Alongside the Rakia Mission experiment, Aleph Farms are already running full steam ahead with their next challenge - developing a system on a much larger scale which will be able to provide cultured steak to a team of four astronauts each week, throughout a three-year space mission. The company is developing this system in collaboration with the American food company Astreas. The joint development has already advanced to the second stage of the challenge posed by the American space agency NASA to develop food for deep space missions.

“This system will be several square meters in size and compatible with the size of long duration spaceships”, Tamari explains. “Our goal is for the system to internally recycle almost all the water used for the cultivation of the meat, such that it will require very few external resources. Additionally, it will enable the astronauts to be involved in the process and to select the seasoning and flavor of the meat. It also makes it possible to change the meat’s composition according to need, for example by adding certain vitamins to it or reducing the amount of saturated fat”.

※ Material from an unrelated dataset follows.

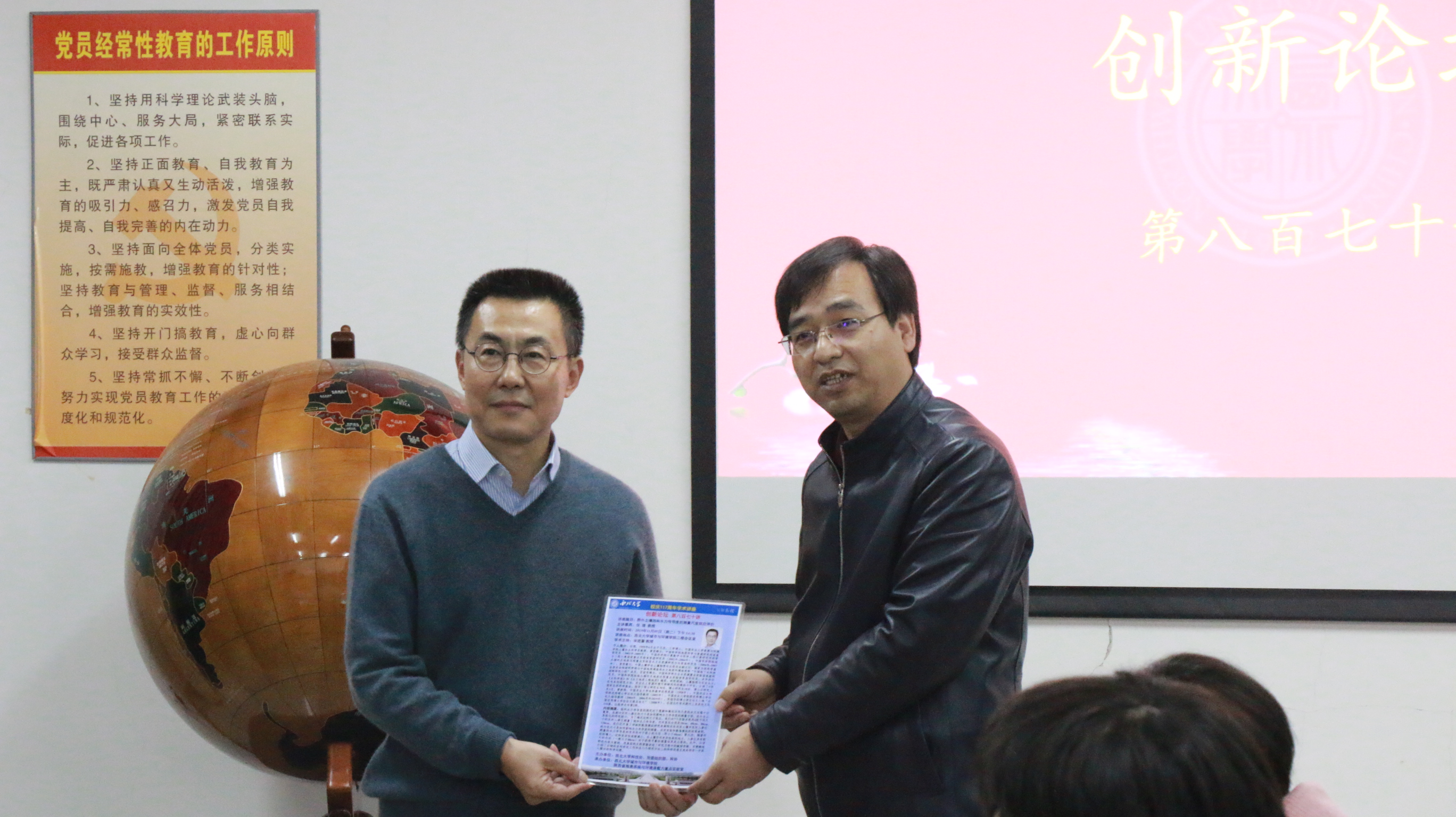 报告会开始前,宋进喜教授向大家详细介绍了任理教授的个人经历。任理教授曾受聘为:中国科公司地理科学与资源研究所客座研究员;中国科公司计算数学与科学工程计算研究所科学与工程计算国家重点实验室客座研究员;中国科公司陆地水循环及地表过程重点实验室水文水资源研究方向客座研究员。任理教授目前受聘与中国科公司农业水资源重点实验室客座研究员;中国科公司陆地水循环及地表过程重点实验室客座研究员。多年担任《水利学报》和《水文地质工程地质》编委。研究领域为土壤物理与农业水文。近年来的研究方向是:农业水土资源环境可持续利用的模拟与评估。主持了5项国家自然科学基金。曾获得:中国农业大公司级优秀博士学位论文指导教师(2004年、2006年和2019年)。指导的博士学位论文入选“全国优秀博士学位论文提名论文”(2008年)。在国内外学术期刊上发表论文近110篇,出版学术专著2部。介绍过后宋进喜教授为任理教授颁发纪念品。

Distant vision. Simulation of a meat cultivation farm on Mars using the technology currently being developed at the Technion and in Rehovot | Simulation: Aleph Farms

“The name of our company, Aleph, was chosen because it also means “Ox” in Hebrew, and the letter Aleph in ancient Hebrew was based on the drawing of an ox’s head”, explains Tamari. “The first letter symbolizes leadership and a pioneering spirit, and that is our goal: To be pioneers and leaders in the cultured meat market and to use it to improve life on Earth, and enable people to receive quality nutrition at any time, wherever they travel”.